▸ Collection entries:

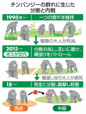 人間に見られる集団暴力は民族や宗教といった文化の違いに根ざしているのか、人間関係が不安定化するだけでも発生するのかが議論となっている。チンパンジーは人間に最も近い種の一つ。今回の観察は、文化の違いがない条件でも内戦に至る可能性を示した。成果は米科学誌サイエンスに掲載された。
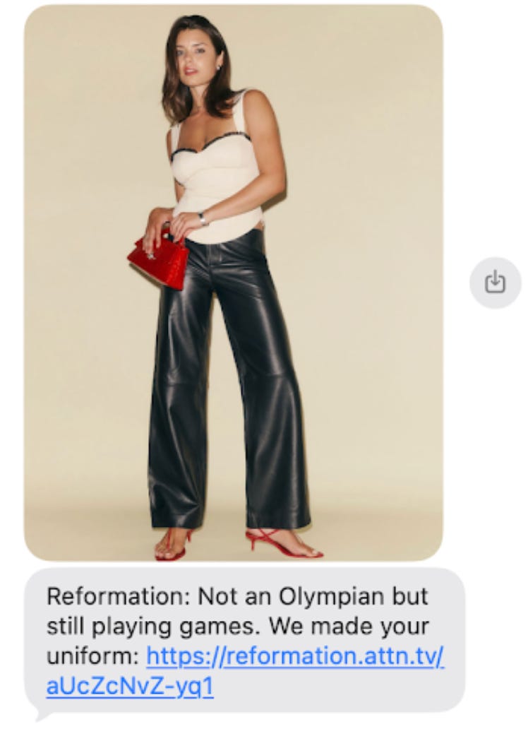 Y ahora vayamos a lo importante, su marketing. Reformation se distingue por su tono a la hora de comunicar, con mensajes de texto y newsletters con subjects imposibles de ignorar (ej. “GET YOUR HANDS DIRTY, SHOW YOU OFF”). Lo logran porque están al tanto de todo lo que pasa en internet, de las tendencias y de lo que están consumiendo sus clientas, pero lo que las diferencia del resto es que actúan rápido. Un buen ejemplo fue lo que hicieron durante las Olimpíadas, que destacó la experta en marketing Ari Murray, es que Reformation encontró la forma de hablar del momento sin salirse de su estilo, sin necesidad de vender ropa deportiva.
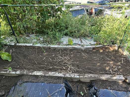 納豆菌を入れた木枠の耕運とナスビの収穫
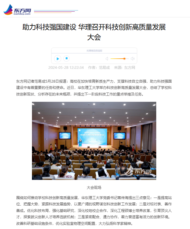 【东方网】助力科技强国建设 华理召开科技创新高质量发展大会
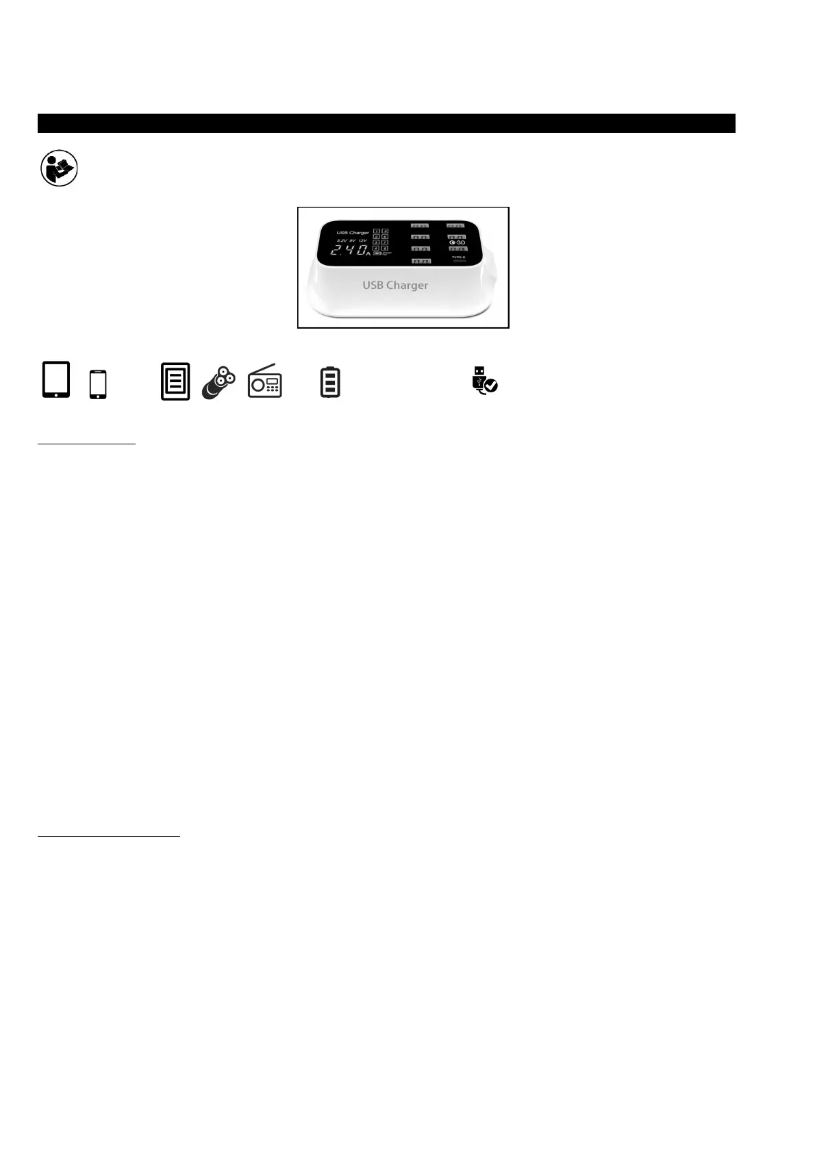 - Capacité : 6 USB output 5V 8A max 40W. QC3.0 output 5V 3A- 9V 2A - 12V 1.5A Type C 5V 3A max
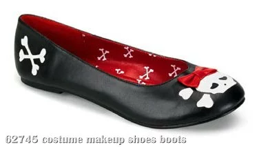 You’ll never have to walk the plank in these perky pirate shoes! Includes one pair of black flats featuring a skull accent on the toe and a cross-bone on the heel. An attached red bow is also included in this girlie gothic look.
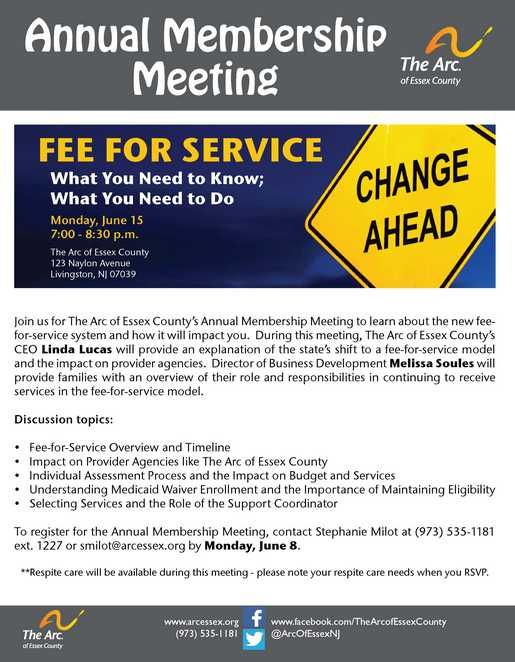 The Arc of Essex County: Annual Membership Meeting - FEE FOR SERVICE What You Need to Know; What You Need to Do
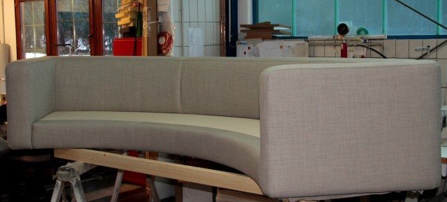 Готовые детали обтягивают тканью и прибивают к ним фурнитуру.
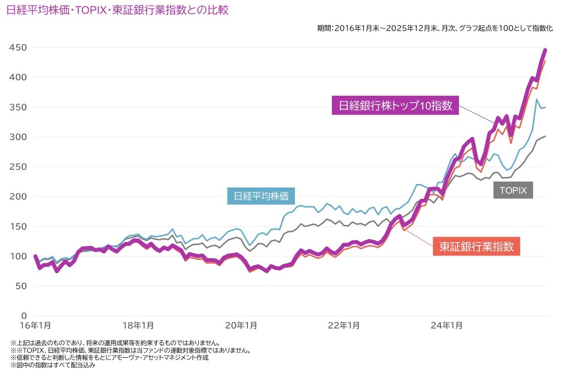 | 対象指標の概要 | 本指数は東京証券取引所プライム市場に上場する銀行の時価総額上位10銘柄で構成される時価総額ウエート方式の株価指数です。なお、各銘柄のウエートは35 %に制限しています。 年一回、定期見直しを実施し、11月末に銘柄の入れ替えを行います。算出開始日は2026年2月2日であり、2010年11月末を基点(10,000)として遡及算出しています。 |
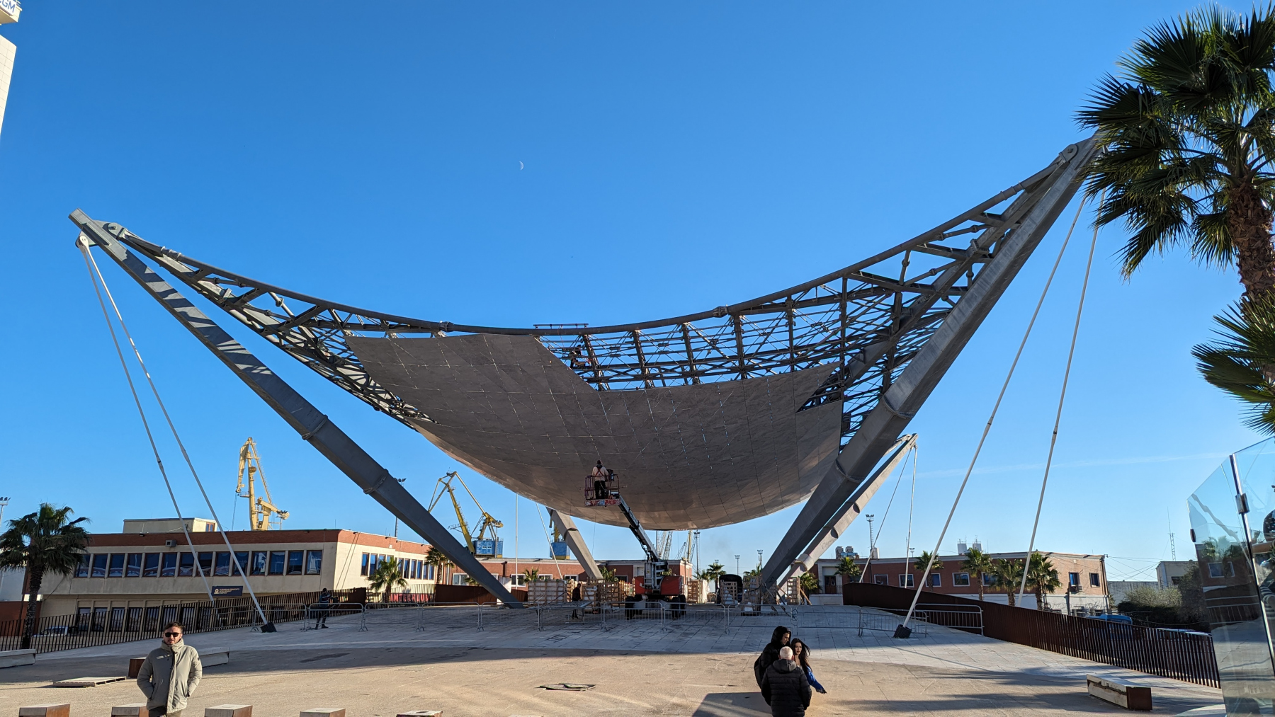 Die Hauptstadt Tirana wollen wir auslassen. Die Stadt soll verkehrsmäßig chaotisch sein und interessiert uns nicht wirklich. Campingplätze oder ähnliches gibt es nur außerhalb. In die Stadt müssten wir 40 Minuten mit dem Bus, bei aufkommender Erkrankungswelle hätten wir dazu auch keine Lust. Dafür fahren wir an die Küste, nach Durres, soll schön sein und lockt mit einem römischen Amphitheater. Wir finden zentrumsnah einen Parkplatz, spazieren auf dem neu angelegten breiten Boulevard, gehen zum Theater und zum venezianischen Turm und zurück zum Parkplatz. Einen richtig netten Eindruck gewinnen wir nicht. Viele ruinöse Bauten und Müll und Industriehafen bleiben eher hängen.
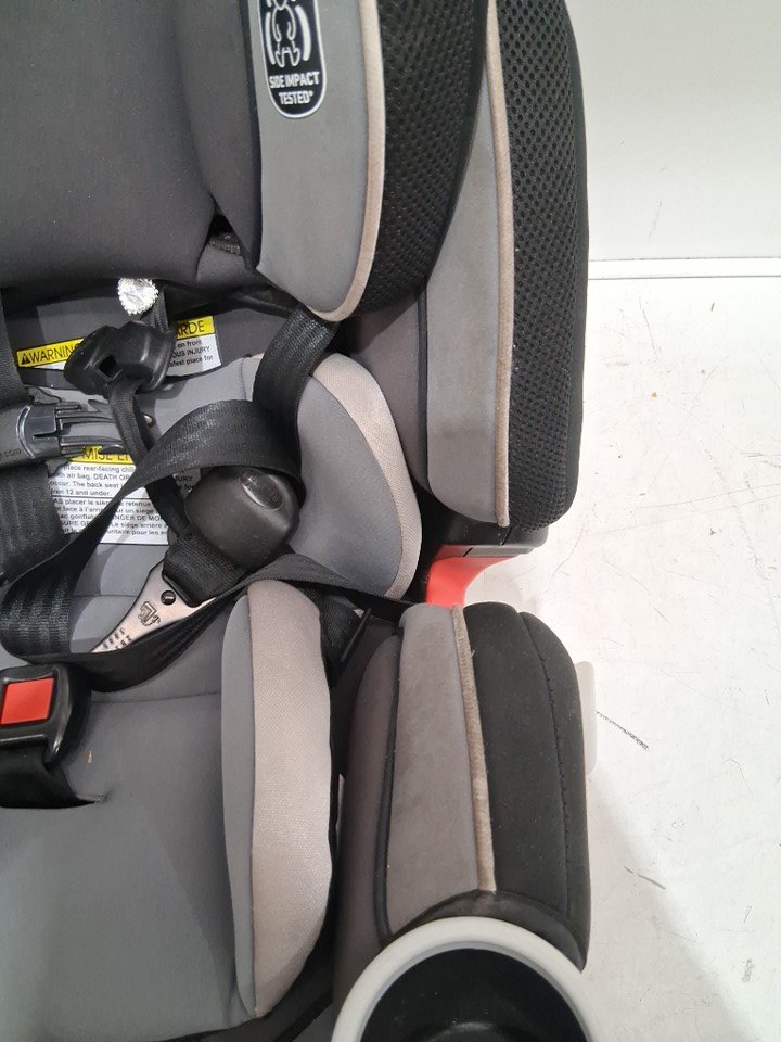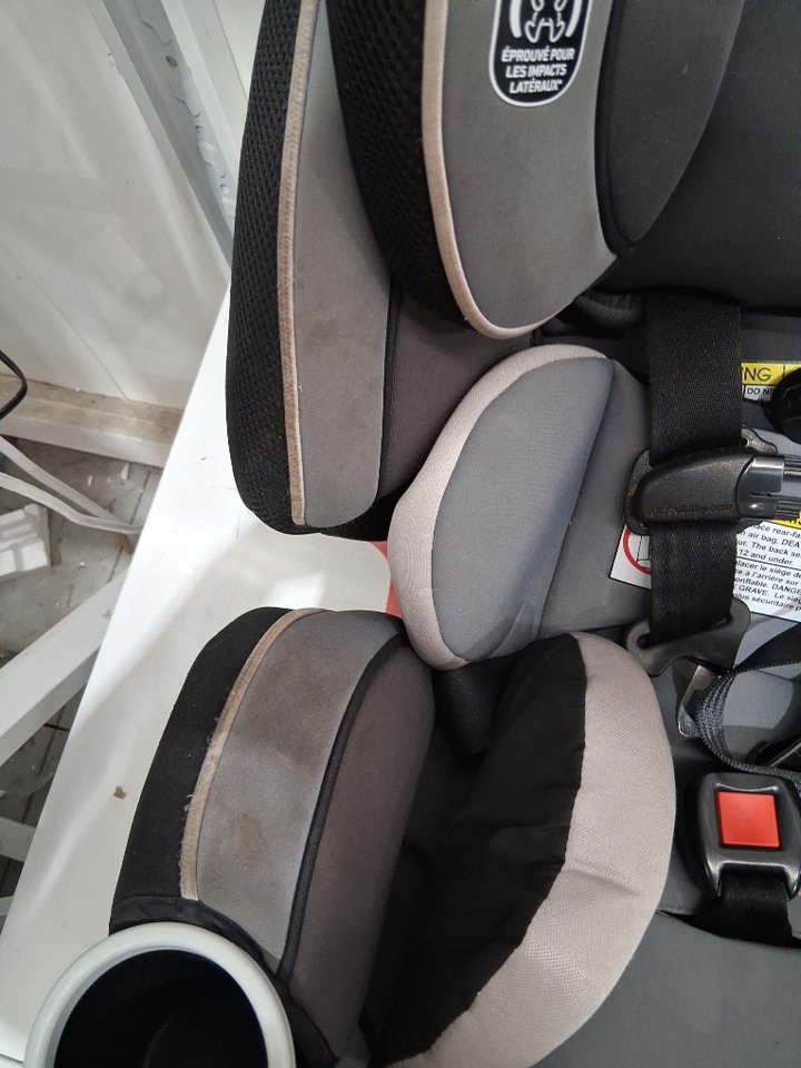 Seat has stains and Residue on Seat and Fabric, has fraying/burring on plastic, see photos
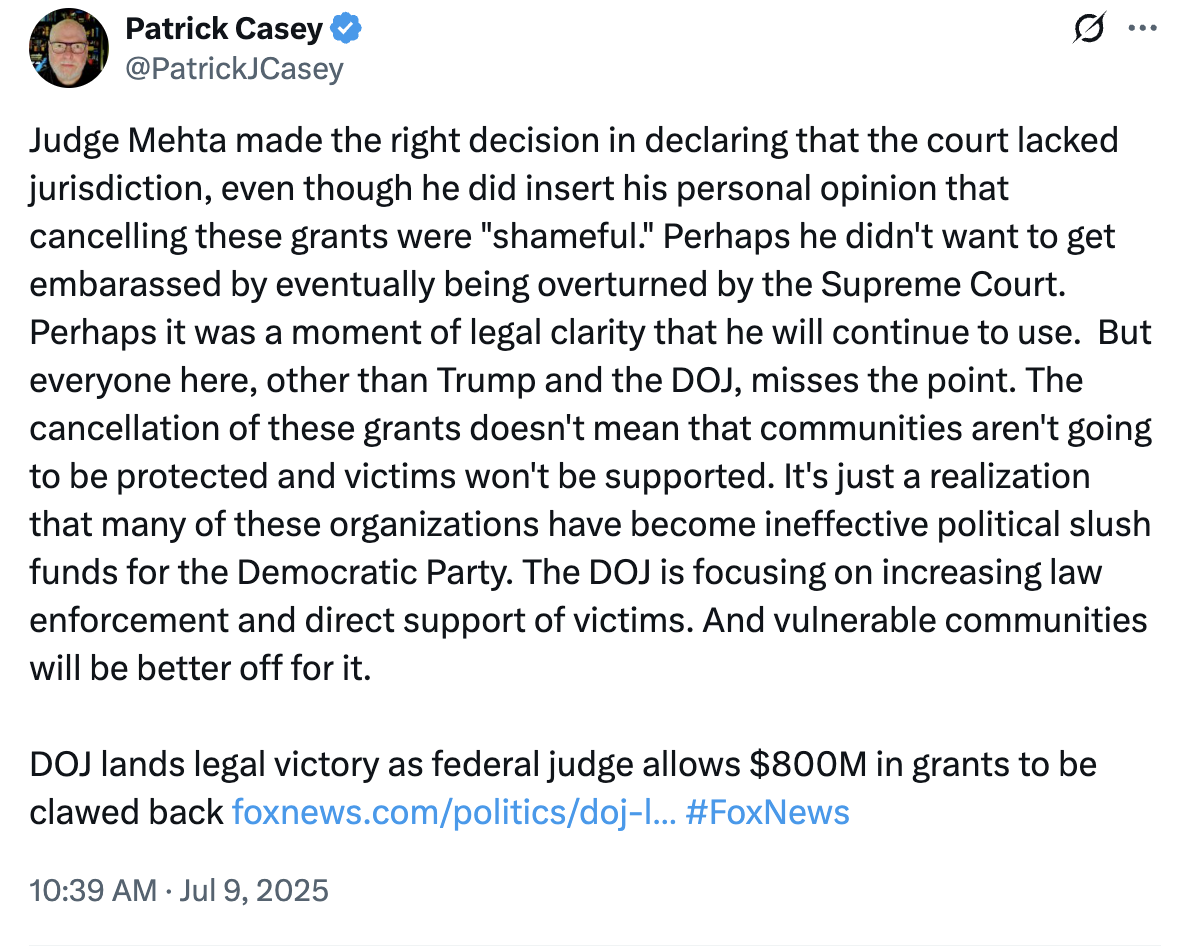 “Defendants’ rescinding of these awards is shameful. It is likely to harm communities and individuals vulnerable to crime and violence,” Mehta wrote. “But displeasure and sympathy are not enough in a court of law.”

▸ Work to complete: Only the lines from the line holding "- Capacité : 6" through the last line above belong in the answer, repeated exactly; the pictures do not.

▸ Exercise answer:
 - Capacité : 6 USB output 5V 8A max 40W. QC3.0 output 5V 3A- 9V 2A - 12V 1.5A Type C 5V 3A max
 You’ll never have to walk the plank in these perky pirate shoes! Includes one pair of black flats featuring a skull accent on the toe and a cross-bone on the heel. An attached red bow is also included in this girlie gothic look.
 The Arc of Essex County: Annual Membership Meeting - FEE FOR SERVICE What You Need to Know; What You Need to Do
 Готовые детали обтягивают тканью и прибивают к ним фурнитуру.
 | 対象指標の概要 | 本指数は東京証券取引所プライム市場に上場する銀行の時価総額上位10銘柄で構成される時価総額ウエート方式の株価指数です。なお、各銘柄のウエートは35 %に制限しています。 年一回、定期見直しを実施し、11月末に銘柄の入れ替えを行います。算出開始日は2026年2月2日であり、2010年11月末を基点(10,000)として遡及算出しています。 |
 Die Hauptstadt Tirana wollen wir auslassen. Die Stadt soll verkehrsmäßig chaotisch sein und interessiert uns nicht wirklich. Campingplätze oder ähnliches gibt es nur außerhalb. In die Stadt müssten wir 40 Minuten mit dem Bus, bei aufkommender Erkrankungswelle hätten wir dazu auch keine Lust. Dafür fahren wir an die Küste, nach Durres, soll schön sein und lockt mit einem römischen Amphitheater. Wir finden zentrumsnah einen Parkplatz, spazieren auf dem neu angelegten breiten Boulevard, gehen zum Theater und zum venezianischen Turm und zurück zum Parkplatz. Einen richtig netten Eindruck gewinnen wir nicht. Viele ruinöse Bauten und Müll und Industriehafen bleiben eher hängen.
 Seat has stains and Residue on Seat and Fabric, has fraying/burring on plastic, see photos
 “Defendants’ rescinding of these awards is shameful. It is likely to harm communities and individuals vulnerable to crime and violence,” Mehta wrote. “But displeasure and sympathy are not enough in a court of law.”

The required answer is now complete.